Les donations à terme

- Donation à terme « pure et simple ». - La pratique a imaginé des techniques de transmission à titre gratuit plus élaborées, tirées du droit des obligations. La première d'entre elles consiste pour le donateur à donner un bien présent, meuble ou immeuble, à un donataire, tout en prévoyant que l'effet de la donation, à savoir la tradition, est différé jusqu'à la survenance d'un terme, soit son décès, soit une date antérieure déterminée . En matière de dépendance, ce terme anticipé pourra notamment résulter de l'âge du donataire ou de son départ dans une maison de retraite. Si ce mécanisme peut être utile dans l'optique d'une éventuelle vulnérabilité, en ce qu'il permet au donateur, en dépit du dessaisissement irrévocable qui est le sien, de conserver la jouissance des biens ou les revenus jusqu'au terme convenu, il demeure d'application rare.
Il est toutefois possible de sophistiquer davantage encore le mécanisme dans l'hypothèse où le donateur, pas certain de vouloir donner le bien envisagé, souhaite se conserver la latitude de changer le bien, objet de la donation. Aux fins de ménager au disposant le délai de réflexion souhaité, le notaire peut lui proposer de recourir à une donation à terme, alternative ou facultative .

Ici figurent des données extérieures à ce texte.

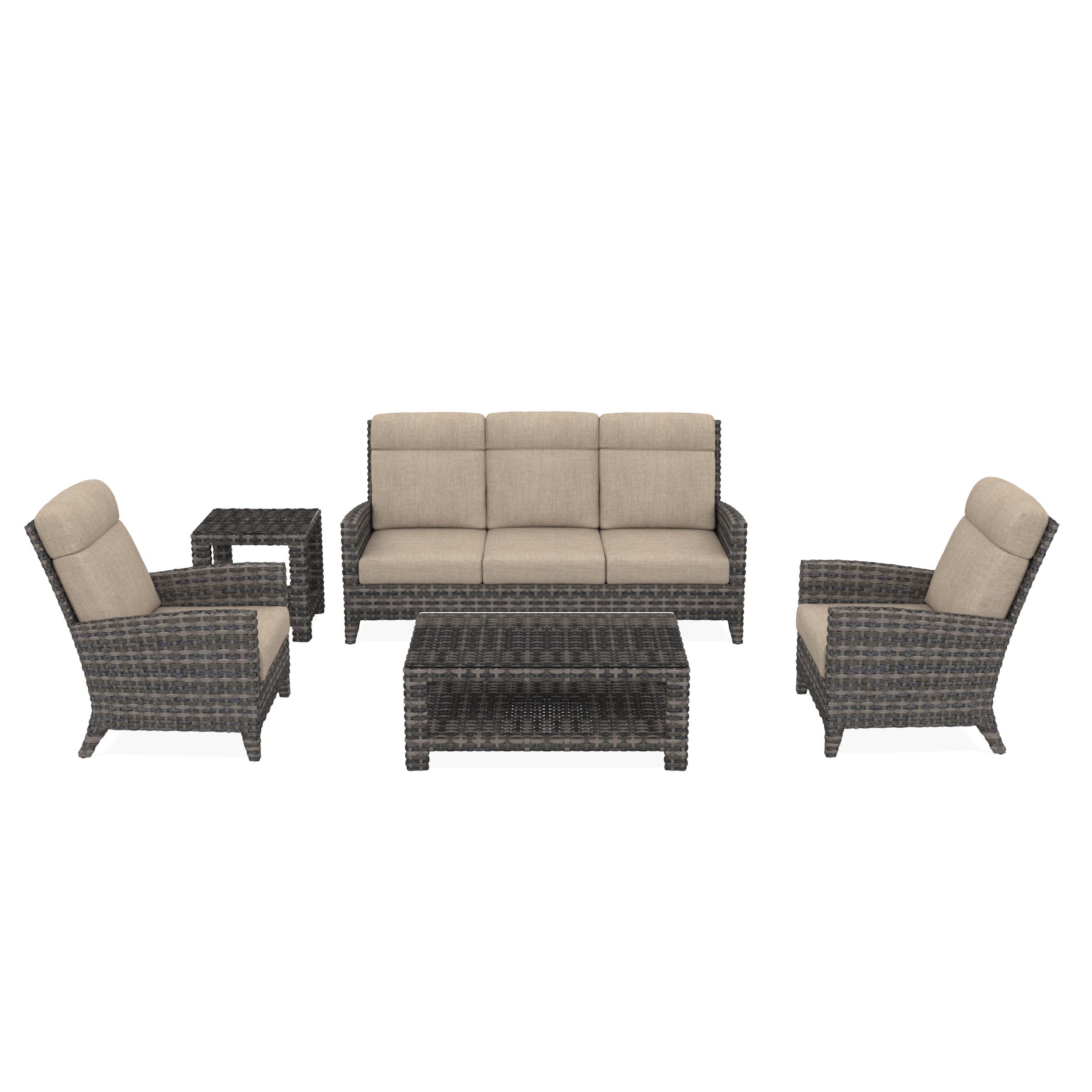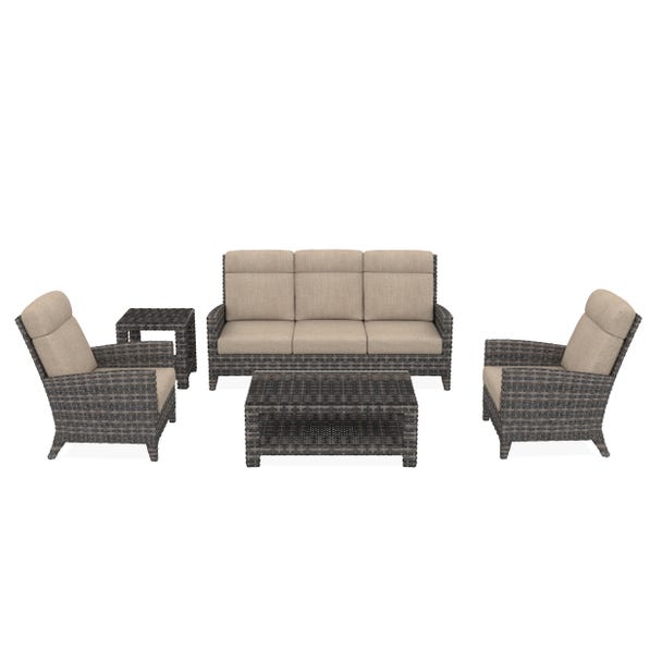 Gather in comfort with this thoughtfully arranged Cavalier 5 seater outdoor set, featuring two lounge chairs, a spacious 3-seater outdoor sofa, a coffee table and a matching end table. Designed for both relaxed weekends and lively conversations, this patio furniture set creates an inviting atmosphere in any outdoor space.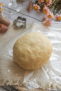Vypracujeme hladké cesto, ktoré zabalíme do potravinovej fólie a necháme odpočívať v chladničke približne 3 hodiny.

- Donation à terme « alternative ». - La donation alternative permet à un donateur de se dépouiller à terme, au profit d'un donataire qui l'accepte, de tel bien ou de tel autre bien, au choix . La donation porte sur un bien déterminé ou un autre bien, lui-même déterminé dans l'acte de donation. Le choix entre les deux objets de la donation est attribué au donateur (ce qui sera le cas pour la protection de sa dépendance) ou au donataire (ce qui pourrait être le cas s'il s'agissait de protéger sa dépendance), suivant la volonté des parties. La donation porte donc sur deux biens formant l'objet de l'obligation, ce qui implique, pour ne pas mettre à mal le principe de l'irrévocabilité spéciale des donations, que les deux objets aient une rigoureuse équivalence en valeur au moment du paiement.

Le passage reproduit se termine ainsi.